The pleasures of sin take you far enough to leave you trapped. Last year a feral cat bit my wife. Animal control came and set a trap baited with a can of sardine. The cat could not resist the smell of the fish. I am sure the one bite it ate tasted good, but this triggered the latch snapping the door closed leaving it trapped. The pleasures of sin are like a trap with tasty bait. It is fun for a time, but certain pleasures, leads to addiction and long term consequences. When people smoke their first joint, snort their first line of cocaine, inject their first heroin, or smoke their first rock of crystal meth, they experience a pleasant euphoric rush and high. However, at some point whether the first, the second, or the third try, the door snaps closed leaving the user trapped.

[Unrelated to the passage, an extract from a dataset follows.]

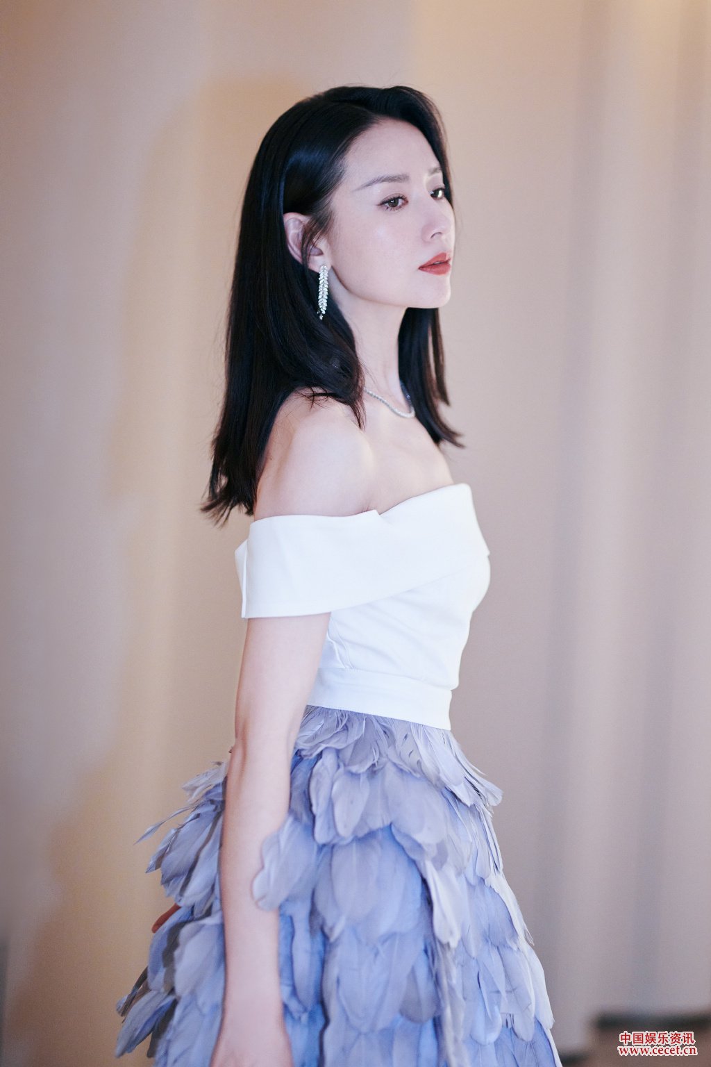 董潔藍灰一字肩羽毛裙 優(yōu)雅藍調光彩明媚綻放

Not all pleasure leading to sin is this obvious and dramatic. The traps for Christians are most often subtle especially within pleasures God approves. Hunting and fishing have always been a means of pleasure for me. Yet, at one point I realized it consumed more time and energy than was pleasing to God. I would get home late on Saturday night tired and be less effective in my Sunday ministry. I began coming home no later than 6:00 PM. Jesus said the pleasures of this life choke our fruit not allowing it to mature (Luke 8:14).

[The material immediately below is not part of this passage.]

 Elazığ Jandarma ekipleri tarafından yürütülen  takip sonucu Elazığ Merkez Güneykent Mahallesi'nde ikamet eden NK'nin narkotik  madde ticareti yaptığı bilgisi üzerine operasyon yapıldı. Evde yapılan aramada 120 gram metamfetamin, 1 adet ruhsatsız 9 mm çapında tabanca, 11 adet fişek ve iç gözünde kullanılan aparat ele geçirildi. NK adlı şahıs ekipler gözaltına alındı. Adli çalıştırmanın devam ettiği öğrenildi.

Even though sin is fun, this does not mean that all fun is sin. God is not opposed to pleasure. My early training taught that God was a cruel task master opposed to any fun or pleasure. Severing Him included no place for anything but strict seriousness and rules. It took me years before I realized that Christianity was fun and brought pleasure. Believers can even enjoy fun activities outside the church building. I have fun with my wife, my children, and now my grandchildren. Taking care of my garden and animals brings pleasure. I experience great pleasure in writing. What God opposes is when pleasure usurps His place in our lives. Paul wrote that in the last days men would be . . . lovers of pleasure rather than lovers of God (2 Tim 3:4). Jesus warned, “And just as it happened in the days of Noah, so it will be also in the days of the Son of Man: they were eating, they were drinking, they were marrying, they were being given in marriage, until the day that Noah entered the ark, and the flood came and destroyed them all (Luke 17:26). In other words, in the last days people will be enjoying the pleasures of life instead of loving God and ignore the warning signs of His coming.
Our sinful nature can only see the immediate pleasure of sin; the new man in Christ sees the pain, the deception, enslavement (Titus 3:3) it brings plus reminds us of the choice we have to follow God’s word through the prompting of the Holy Spirit overcoming the sinful nature. Moses serves as a key example. By faith Moses, when he had grown up, refused to be called the son of Pharaoh’s daughter, choosing rather to endure ill-treatment with the people of God than to enjoy the passing pleasures of sin (Heb 11:24, 25).
Sustaining Word for the Week: Yes, sin is fun but its pleasure is temporary and leads to bondage. Serving Christ brings freedom and pleasures not only in this life but also for all eternity. Like Moses, we all have a choice.